Jorge Greenberg, diretor de marketing do bureau, foi quem fez a apresentação do que ele chamou de “megatendências”: quatro grandes direcionamentos subdivididos em quatro segmentos menores, todos eles repletos de referências ao mundo da moda, design, arquitetura e música. Mas no geral, qual a principal característica do Inverno 2012/2013? O olhar exclusivamente voltado para o futuro. “Estamos sempre pensando no que já aconteceu para prever o que haverá de ‘novo’; nas últimas estações vimos a força dos anos 1940, 1980, 1970. Já nesta temporada, vamos olhar pra frente e deixar o vintage um pouco de lado”, ele afirmou.

Veja os 10 princípios resumidos das megatendências do Stylesight, que deverão guiar o Outono-Inverno 2012/2013:

1 – “Go tonal”: afastando-se daquele visual Gucci da mistura de várias cores vibrantes, o próximo inverno tem no máximo duas famílias de cores por look.
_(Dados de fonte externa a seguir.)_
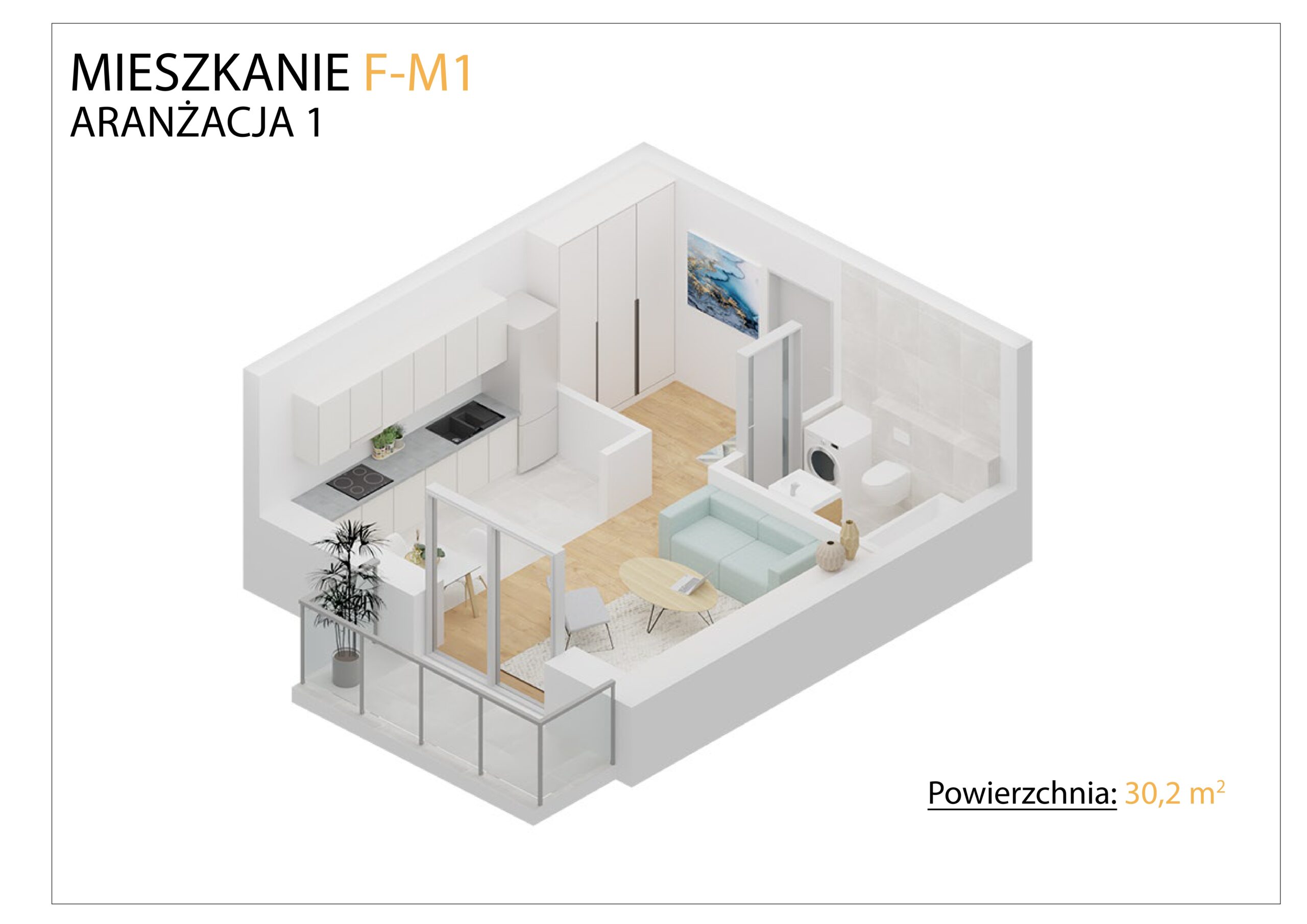 mieszkanie 1 (F-3M) – przytulna kawalerka o powierzchni 30,2 m2 z balkonem, odpowiednia dla singla lub pary;

Esse princípio é derivado do olhar para o Oriente e da busca por equilíbrio, e faz referência às vestimentas usadas em rituais de meditação e nas roupas de cor única dos monges tibetanos.

1-palestra-stylesight-santaconstancia-tendencias-inverno-2012-2013Uma das imagens de referência mostradas durante a palestra do Stylesight: o vermelho como símbolo da paixão humana capaz de promover transformações ©Nick Knight

2 – “Red is the new black”: a frase, dita por Rei Kawakubo nos anos 1980, volta com tudo para o Outono-Inverno 2012/2013. O preto e o branco viram cores de suporte e abram espaço para o vermelho, que ganha novas possibilidades de uso, como nas listras vermelhas e brancas como alternativa ao clássico preto e branco; ou no vermelho + branco + azul, mas de uma forma mais sofisticada, fugindo do náutico.

3 – “Out of the blue”: a indústria do denim se afasta das onipresentes variações de azul e investe em cores como o verde e o cinza.

4 – “Artisan finishes”: o acabamento artesanal e único é valorizado. Sci-fi tribal — a tecnologia de ponta é utilizada para representar a simplicidade da natureza.

5 – “Super size me”: o Outono-Inverno 2012/2013 pede a exploração de possibilidades de materiais, texturas e proporções – os tamanhos serão maximizados, como nos tricôs pelo menos dois números maiores que o normal.

2-palestra-stylesight-santaconstancia-tendencias-inverno-2012-2013Camisetas feitas de folhas, obra de Dave Rittinger, uma das imagens de referência usadas na palestra do Stylesight ©Dave Rittinger

6 – “Wild Animals”: o olhar se volta para a natureza e na busca pelo nosso lado selvagem. Em vez de Nova York, as referências surgem das florestas, o que resulta na fascinação pelos animais e suas peles, pelos e penas.

7 – “Subtractive cuts”: a busca por novas perspectivas e modos de pensar. O retrô é completamente abandonado e abre espaço para uma realidade genuinamente original.

8 – “Elevated sportswear”: o sportswear ganha sofisticação e invade a cultura urbana.

9 – “Get transparent”: a transparência, usualmente reservada à vestimenta feminina, chega ao menswear e até à arquitetura.

10 – “Go digital”: novas tecnologias viabilizam a criação de formas nunca antes imaginadas. O “artesanato” é renovado na era digital, com precisão e proporções exatas, como em pregas milimetricamente calculadas.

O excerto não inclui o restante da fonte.